Mauritius Government Explains New Tax System

by Lorys Charalambous, Tax-News.com, Cyprus

01 October 2007

Promoting growth while striking a fair balance between efficiency and equity is the rationale behind the New Tax System in force in Mauritius for fiscal year 2007- 2008, according to Minister of Finance and Economic Development, Rama Sithanen.

Sithanen was speaking at a recent seminar to explain the government's comprehensive tax reforms, designed to "sensitise" stakeholders with regard to the current tax systems.
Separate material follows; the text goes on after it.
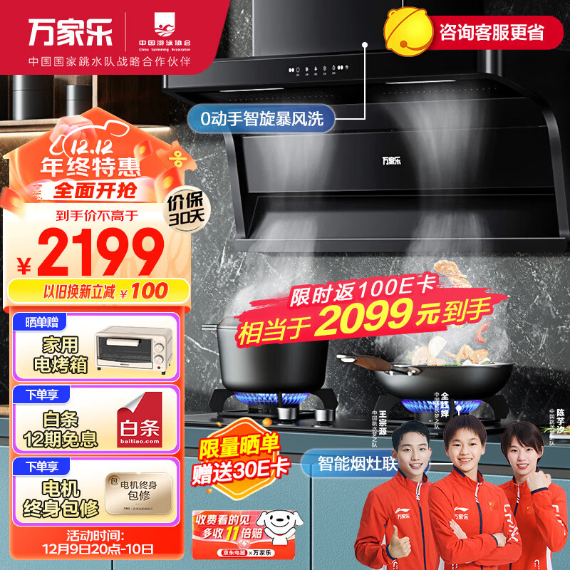 万家乐 抽油烟机顶侧双吸油烟机 7字型烟灶联动套装 23m3/min大吸力油烟机燃气灶具套装AK6+KV063B液化气价格:2399.00元!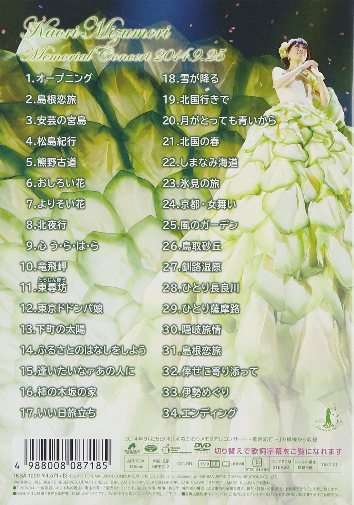 デビュー記念日として2014年9月25日開催されたコンサート「水森かおりメモリアルコンサート~歌謡紀行~」(@中野サンプラザ)の模様を完全収録したDVD商品です。最新シングル「島根恋旅」を始め、最新アルバム『歌謡紀行13~島根恋旅~』に収録されている、オリジナル曲やカバー曲、さらにはデビュー曲「おしろい花」紅白歌合戦で披露したあの巨大衣装での歌唱等々、20周年を迎える水森かおりにふさわしい、豪華絢爛、見どころ満載となっております。

In examining options for reform while reducing government debt and deficit, Sithanen said that he had rejected measures that would have unfairly penalised low wage workers, such as an increase in VAT, and opted for "fairer and equitable measures".

Sithanen stressed that the new fiscal model ensures that social measures benefit the more needy, especially through the Empowerment Programme, social aid, and new social measures. On the other hand, the model also caters for growth, with its lower tax rates.

The Mauritius government has recently pushed through comprehensive income tax reform, designed to be increase the system's transparency.

In the 2007 budget, announced in June, Sithanen told Parliament that a 15% flat corporate income tax would be introduced, as the government strives to create conditions for "robust, sustained and inclusive growth" whilst opening the economy, facilitating business, and accelerating the transition to global competitiveness. This measure, which also applies to personal income, was brought forward by two years to July 1, 2007, after the government decided to abandon initial proposals to phase in the corporate tax cut to 20% from 22.5% this year, and finally to 15% in 2009.

In a bid to simplify the tax system, many exemptions have been overhauled, and the numerous deductions in the old tax system have been consolidated into new income exemption thresholds, with the number of tax bands reduced to just two.